>>>

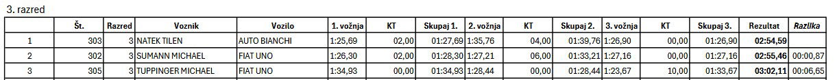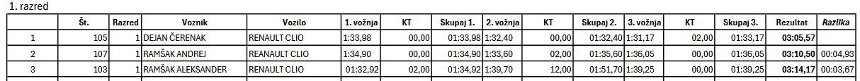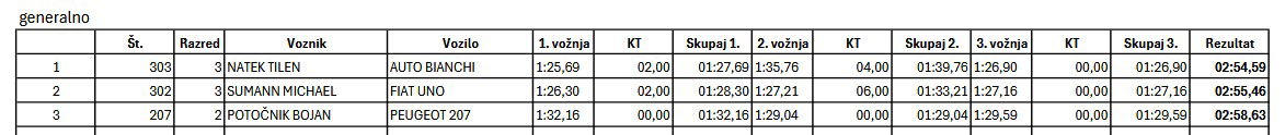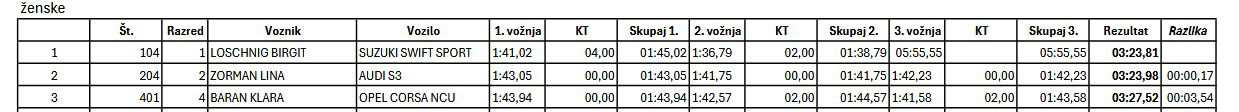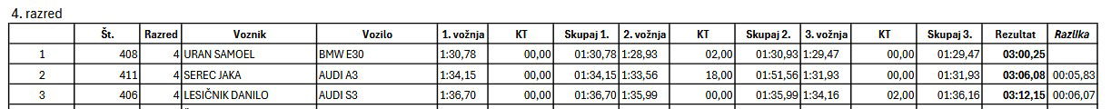 Časi v vseh štirih kategorijah so se gibali med dobrima dvema minutama, do najboljših časov, ki so merili komajda minuto in trideset sekund.
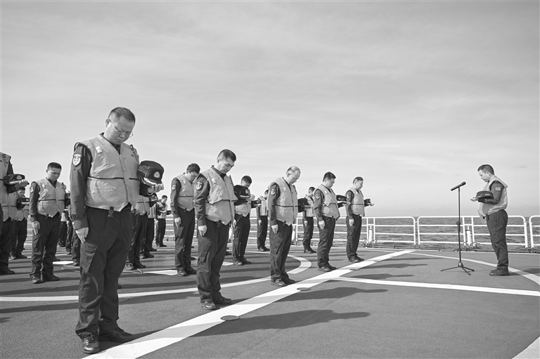 近日,在黄岩岛附近海域执行常态化巡航任务的中国海警黄岩舰执法员举行纪念仪式,为南京大屠杀死难者脱帽默哀。默哀毕,执法员们重温誓词,坚决维护我国海洋权益、捍卫领土主权完整。新华社记者 贝 赫摄
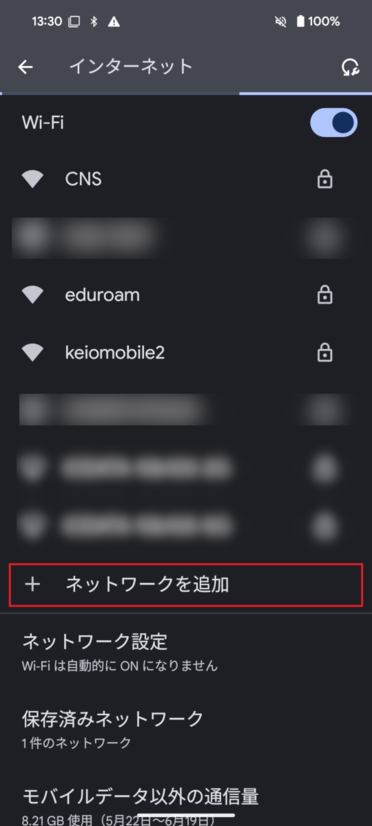 「インターネット」画面下部にある、「ネットワークを追加」をタップします
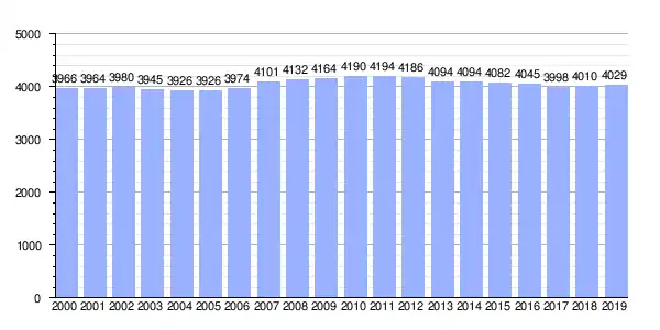 | Gráfica de evolución demográfica de Padrón (parroquia) entre 2000 y 2019 |
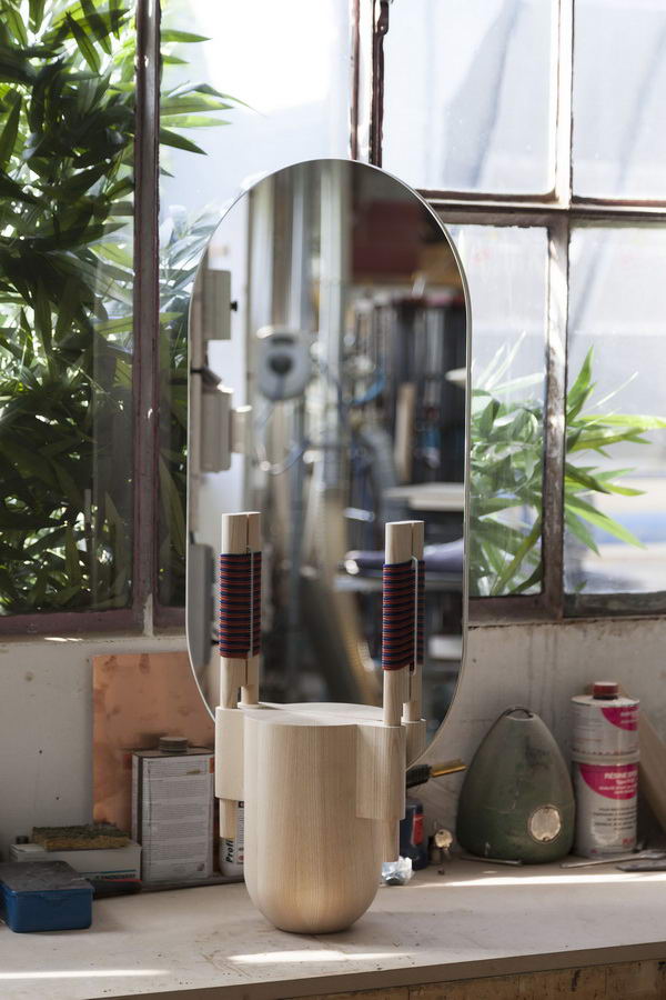 Samy Rio, Grand Prix Design Parade 10 en 2015 avec des objets en bambou, signe son retour à la Villa Noailles avec des travaux en… céramique, verre et bois. Les formes élémentaires des vases, ainsi que du miroir édité par la galerie Kréo, démentent la subtilité des assemblages : les choses ne sont simples qu’en apparence.
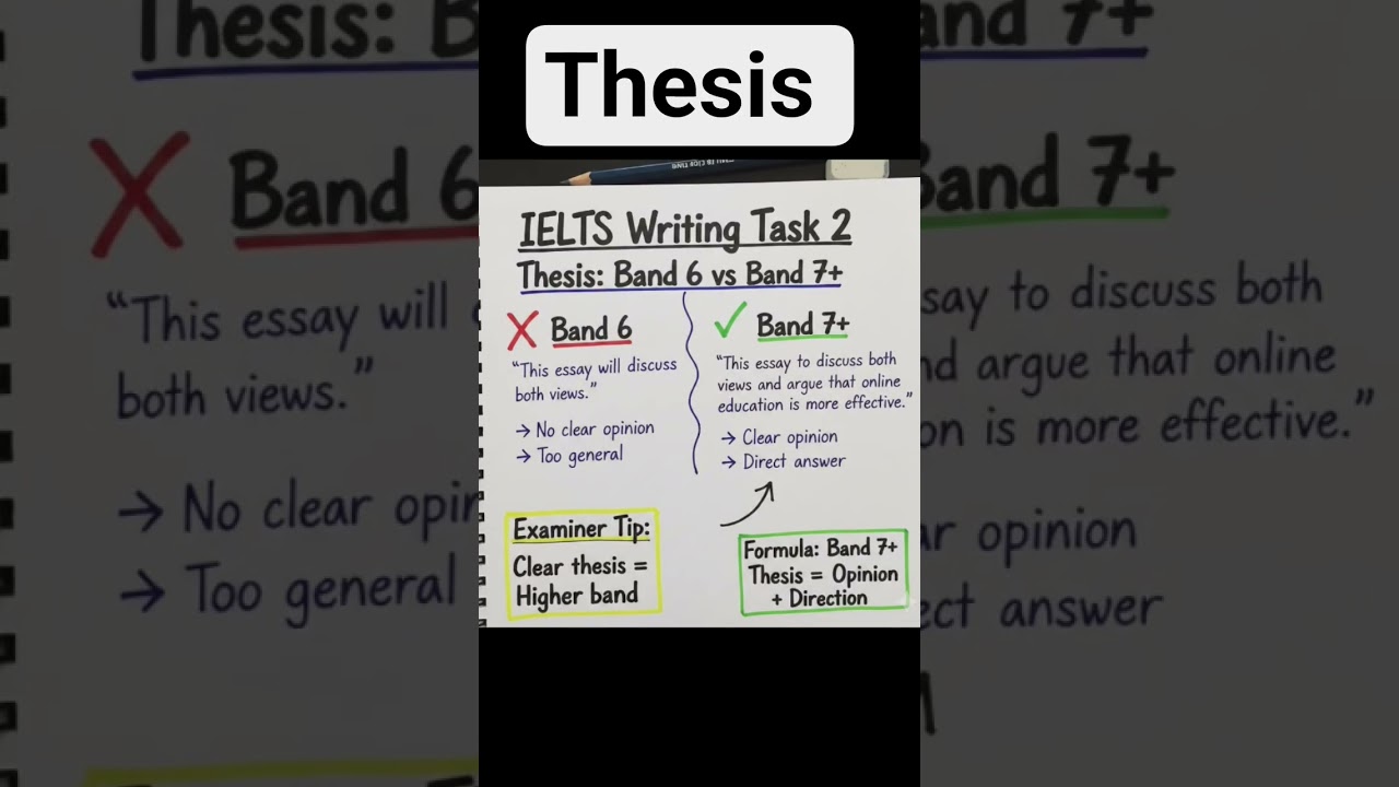 A Band 6 thesis is usually too general, while a Band 7+ thesis clearly shows your opinion and the direction of the essay.
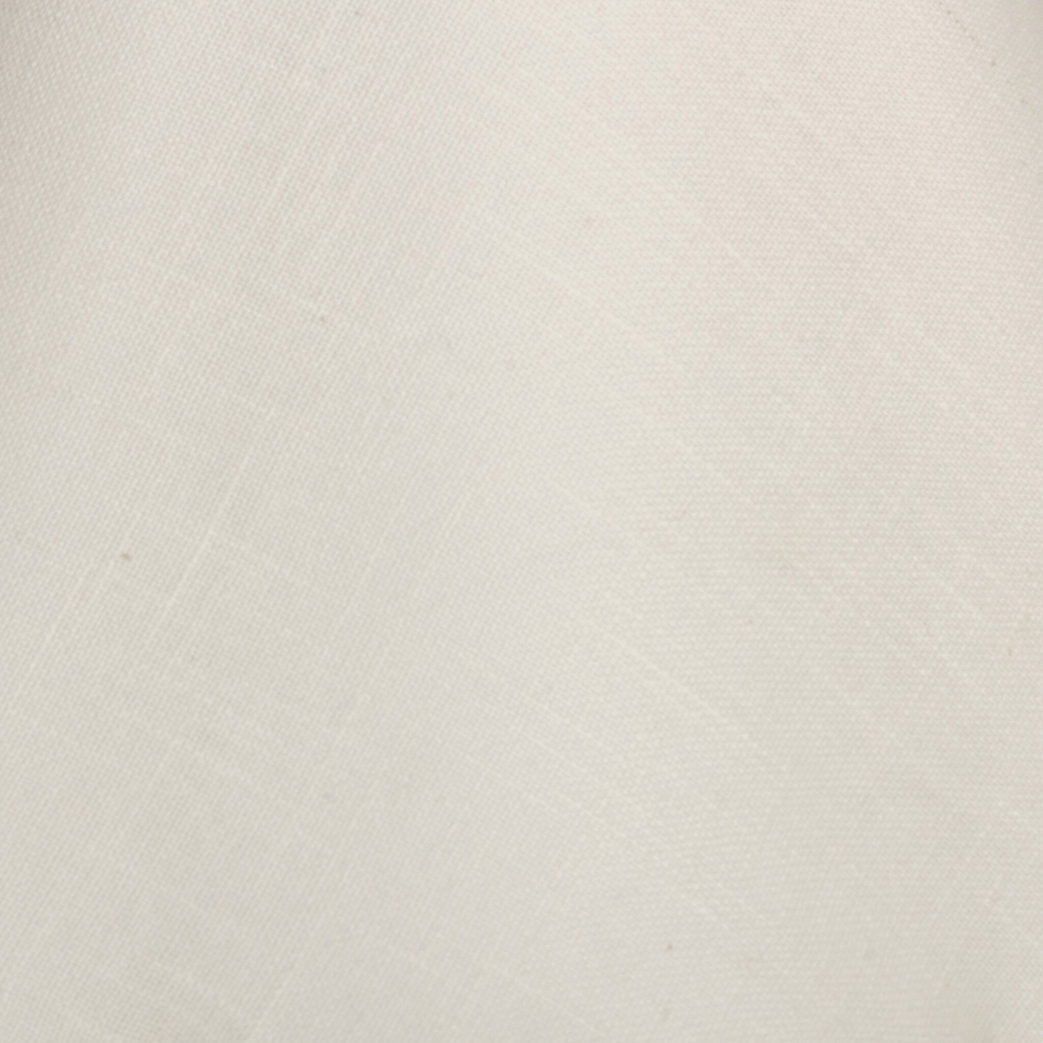 Slim in style, crisp with contrast. A black wrought iron base supports a cream-colored linen shade with scallop detailing.

<<<

__What to work on__
Please transcribe the whole listing above exactly, with the images left out.

__Solution to the exercise__
 Časi v vseh štirih kategorijah so se gibali med dobrima dvema minutama, do najboljših časov, ki so merili komajda minuto in trideset sekund.
 近日,在黄岩岛附近海域执行常态化巡航任务的中国海警黄岩舰执法员举行纪念仪式,为南京大屠杀死难者脱帽默哀。默哀毕,执法员们重温誓词,坚决维护我国海洋权益、捍卫领土主权完整。新华社记者 贝 赫摄
 「インターネット」画面下部にある、「ネットワークを追加」をタップします
 | Gráfica de evolución demográfica de Padrón (parroquia) entre 2000 y 2019 |
 Samy Rio, Grand Prix Design Parade 10 en 2015 avec des objets en bambou, signe son retour à la Villa Noailles avec des travaux en… céramique, verre et bois. Les formes élémentaires des vases, ainsi que du miroir édité par la galerie Kréo, démentent la subtilité des assemblages : les choses ne sont simples qu’en apparence.
 A Band 6 thesis is usually too general, while a Band 7+ thesis clearly shows your opinion and the direction of the essay.
 Slim in style, crisp with contrast. A black wrought iron base supports a cream-colored linen shade with scallop detailing.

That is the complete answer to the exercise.